Packing Battery Chargers

There are no rules about packing battery chargers. You can pack them in both your carry-on, your checked baggage, garment bag and packing cubes. Chargers do not create any risk. However, you should avoid placing non-rechargeable batteries in the charger. While packing in this manner would keep them from rolling around, this can create a hazard, even if the charger is not plugged into the outlet. Instead, keep batteries and chargers separate to avoid unwanted risk.

Packing Batteries Safely

In addition to the regulations about what batteries can and cannot be brought on an airline, the TSA and FAA have requirements and tips on how batteries must be carried to be safe. In general, batteries need to be protected from damage and short circuit. For some battery types, this means taping or capping the ends with a non-conductive material. The batteries also need to be stored so that they cannot come in contact with metal objects, such as coins, keys, or tools.
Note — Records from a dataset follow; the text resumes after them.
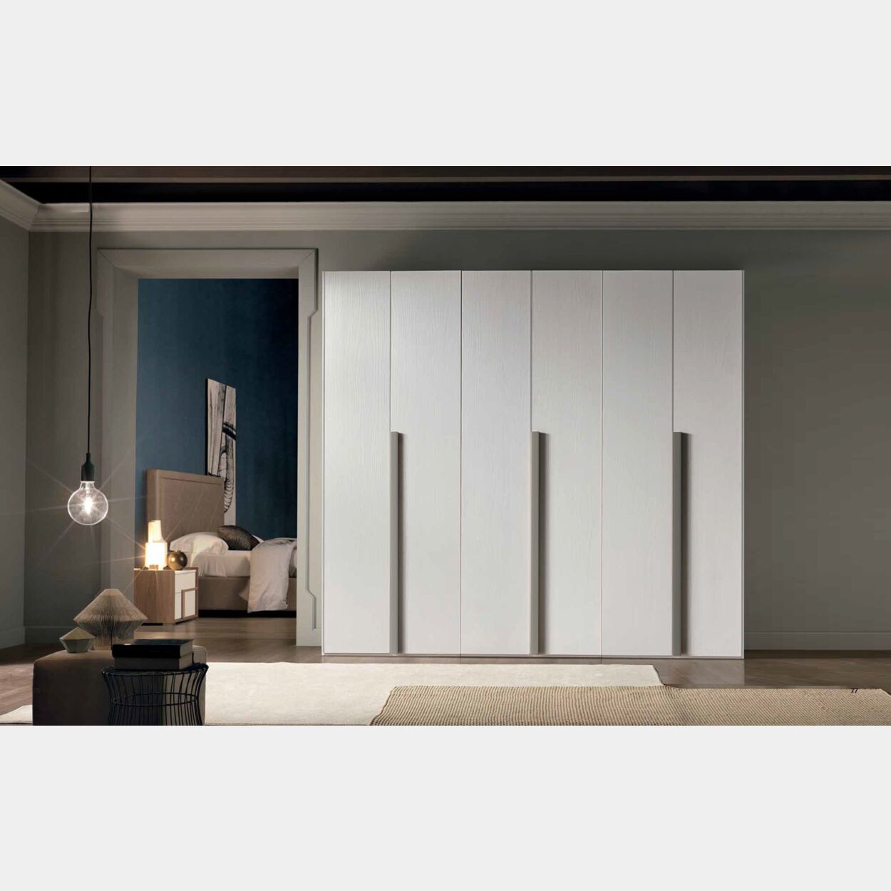 L'eleganza senza tempo del Noce bianco si fonde con il design moderno delle maniglie alte 130 cm: il risultato è un armadio estremamente raffinato e moderno. Le tipiche venature del materico garantiscono un impatto visivo unico creando leggere sfumature, il Grigio londra presente nelle pratiche maniglie si contrappongono al Noce per dare carattere all'armadio.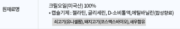 크릴은 남극의 청정 해역에서 서식하는 동물성 플랑크톤이에요. 크릴은 먹이사슬의 최하위 단계에 속하여서 환경 호르몬과 중금속으로부터 매우 안전한 식량입니다. 또한 까다롭기로 소문난 EU에서도 노벨 푸드로 선정되어 최근 미래 식량으로 많은 인기를 끌고 있는 식품입니다. 크릴오일은 이 크릴에서 추출한 기름인데요 혈류개선과 다이어트, 치매 방지 등에도 좋은 효능이 있는 것으로 알려졌어요.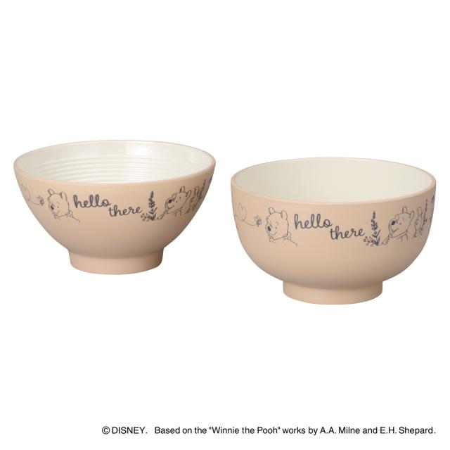 くまのプーさんとピグレットのデザインが可愛い食器セットです。使用頻度の高い汁わんと飯わんのセットで、ご飯や副菜の盛り付け、汁物などにも幅広くお使いいただけます。万が一落ちてしまっても割れにくいので、お子様やご年配の方にも扱いやすい器です。
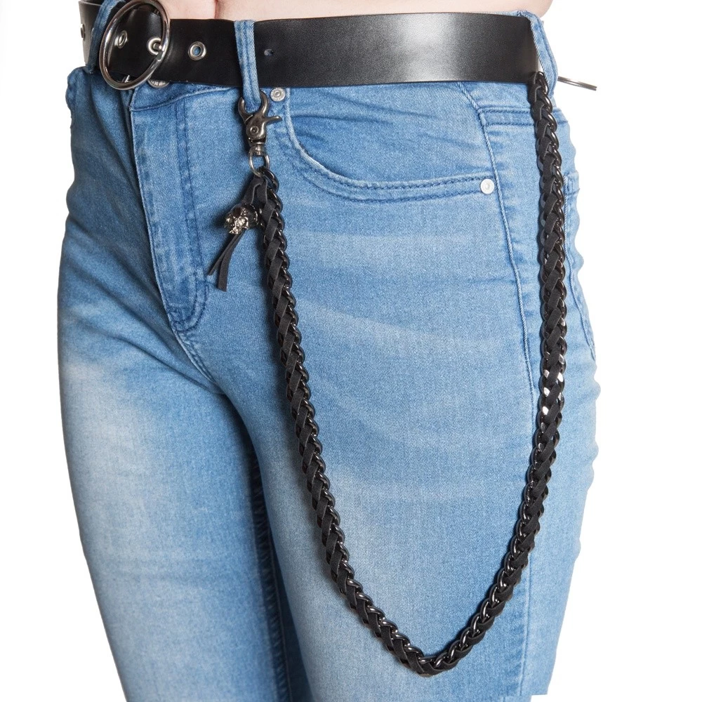 - Pewter colour chain with with black braided rope, including a skull head at the end of the chain.

They should be protected from contacting other batteries as well and should be stored so that they cannot roll around.

If possible, spare batteries should be stored in original, unopened packaging. Another option is to pack the batteries in their own separate storage compartment or plastic bag, so they cannot come in contact with each other. Protecting the batteries from contact with metals and each other is important because creating a short circuit is one way in which batteries can start fires.

If you are packing battery-powered items in your checked baggage, make sure to pack them in such a way that they cannot be accidentally turned on while in flight. Not only should you power the device off, but you should also take the switch so that it remains in the “off” position, if possible. Also, don’t forget to brush up on the TSA liquids rule when packing.

What Happens If You Pack Batteries Incorrectly

So what happens if, in spite of your best efforts, you bring a battery that you shouldn’t bring or have too many batteries of a certain type in your carry-on baggage? For carry-ons, if you bring a prohibited type of battery, the TSA agent will stop you for a more detailed screening. You will likely be asked to throw out or leave behind the battery, and this can be a costly mistake with the high cost of some battery types.

In checked suitcases, if you try to check something that’s prohibited, the airline’s security professionals can and will go through your baggage. The item will be confiscated, but the rest of your belongings may be searched. It’s always better to avoid this by carefully considering the batteries you put inside your suitcases.

If in Doubt, Ask!

If you have specialty electronics or medical equipment that requires a special type of battery, ask before you fly. You can reach out to the TSA customer service to get the exact requirements for your battery type. The last thing you want to face is intense security screening or lose that costly battery, so be sure you are aware of the requirements, and how you can stay compliant before you fly.

No one wants to face unwanted delays or extra screening while traveling. Also, no one wants to travel without their electronics, and batteries are a necessity to power those electronics. Protect yourself from both scenarios by being conscientious about your batteries, what you bring and how you pack them.